= Richard Lussick =

Samoan judge (born 1940)

Richard Lussick (born 1940) is a Samoan judge. Lussick was the presiding judge in the trial of Charles Taylor by the Special Court for Sierra Leone; in May 2012, he sentenced Taylor to 50 years in prison.

Lussick was born in Sydney, Australia in 1940. Lussick is the current and sixth President of the United Nations Appeals Tribunal. He is also a judge of the Residual Special Court for Sierra Leone. Justice Lussick served as a judge of the Special Court for Sierra Leone from November 2004 to May 2012, finishing his tenure as Presiding Judge of Trial Chamber II. From 2005 to 2006 he also sat as the Staff Appeals Judge for the Special Court.

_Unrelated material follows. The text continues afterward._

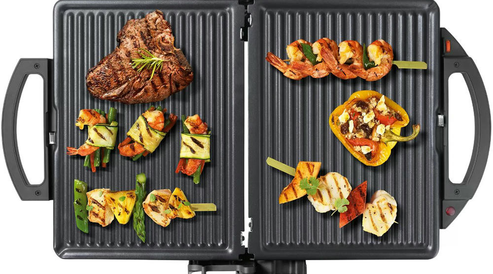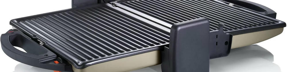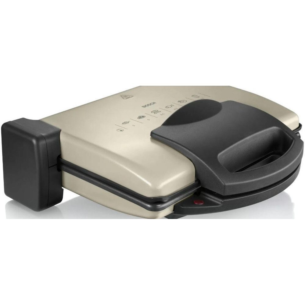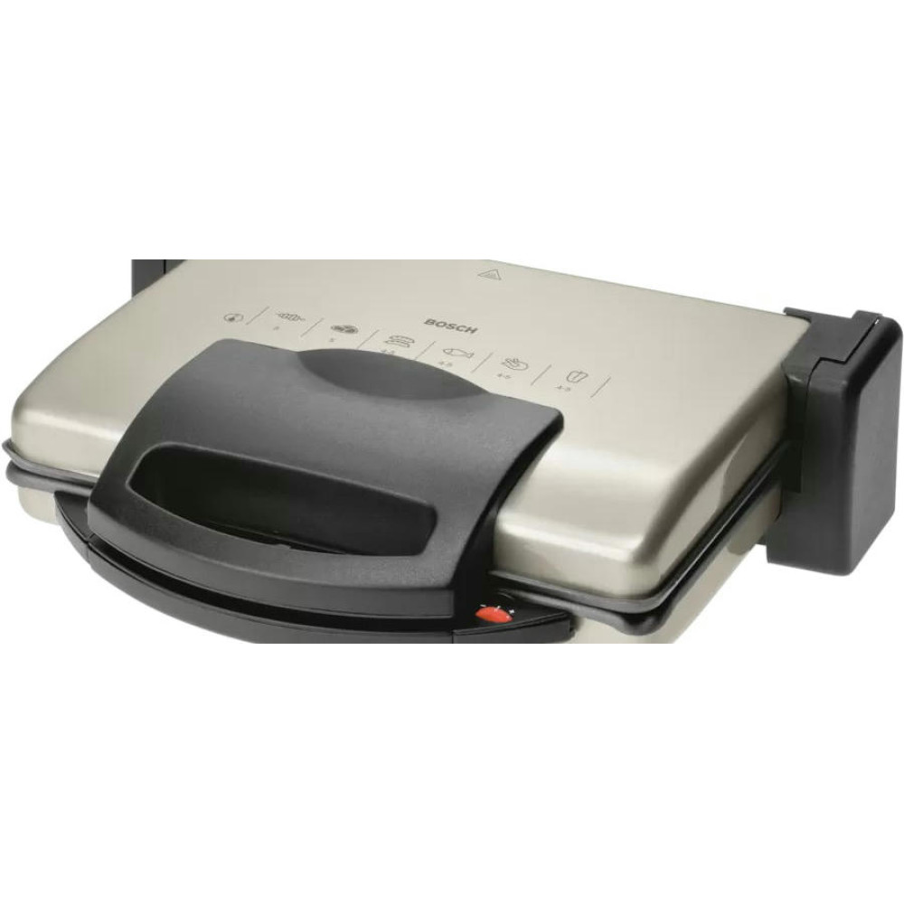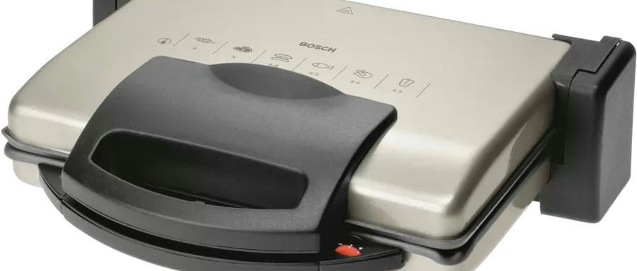 Гриль Bosch TFB3302V — компактная модель мощностью 1800 Вт. Съемные алюминиевые пластины быстро нагреваются, они оснащены стоком для жира. Подвижная верхняя панель позволяет поджаривать толстые куски с двух сторон. Можно также размораживать и подогревать.
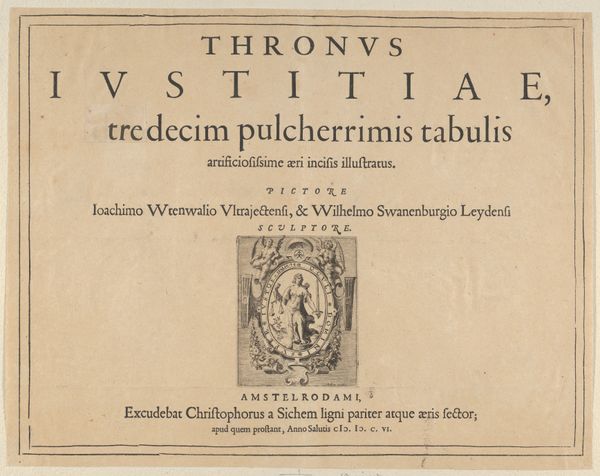 Editor: We're looking at the title page for "Thronus Justitiae" from 1606, created by Zacharias Dolendo. It's an etching, a print on aged paper. I'm immediately struck by the intricate typography and the old engraving style – it has a really archaic feel. What do you see in this piece? Curator: Oh, archaic is a perfect word! For me, these title pages are portals. Imagine standing in a 17th-century bookstore, your fingers tracing those very letters. This isn’t just decoration; it’s a promise. It's selling you twelve exceptionally beautiful plates on Justice, all cunningly etched. "Cunningly," I like that word here; it implies artfulness, a little wink to the reader. Look at that small illustrative vignette; it acts as a sort of emblem of what is inside the book! What is it saying? It gives a clue, no? It may reflect larger societal interests in law, virtue, governance at this specific moment. Editor: Definitely a clue. I'm guessing it represents Lady Justice? And I love that idea of a portal...so it's a bit like a film poster today, promising something within? Curator: Precisely! Consider the context: the printing press democratized knowledge, but it also had to *sell* knowledge. Dolendo is selling the very *idea* of Justice – and perhaps a certain view of power that Justice can enable. It is thought-provoking, really. The whole composition really is a statement in and of itself about civic responsibility. Editor: It’s fascinating to think about the book as a commodity and how much is communicated, even on the title page. Thanks; I'm going to look at these differently now. Curator: My pleasure. Me, too! Now I'm going to keep my eyes open for book title pages in other collections. I wonder if the same principles hold?

From 1995 to 2000, he served as the Chief Justice of the Republic of Kiribati. Prior to that he was appointed to the bench in Samoa in 1987 and during his tenure held appointments to the District Court, Supreme Court, Court of Appeal, Land and Titles Court and as Acting Chief Justice. He also served as Chairman of the Public Service Board of Appeal from 1988 to 1995. He was Vice President of the Commonwealth Magistrates’ and Judges’ Association (Pacific Region) from 1997 to 2000. He was called to the Bar in 1973 and has practiced as a barrister in both Samoa and Australia. He is fluent in English and has a basic knowledge of French.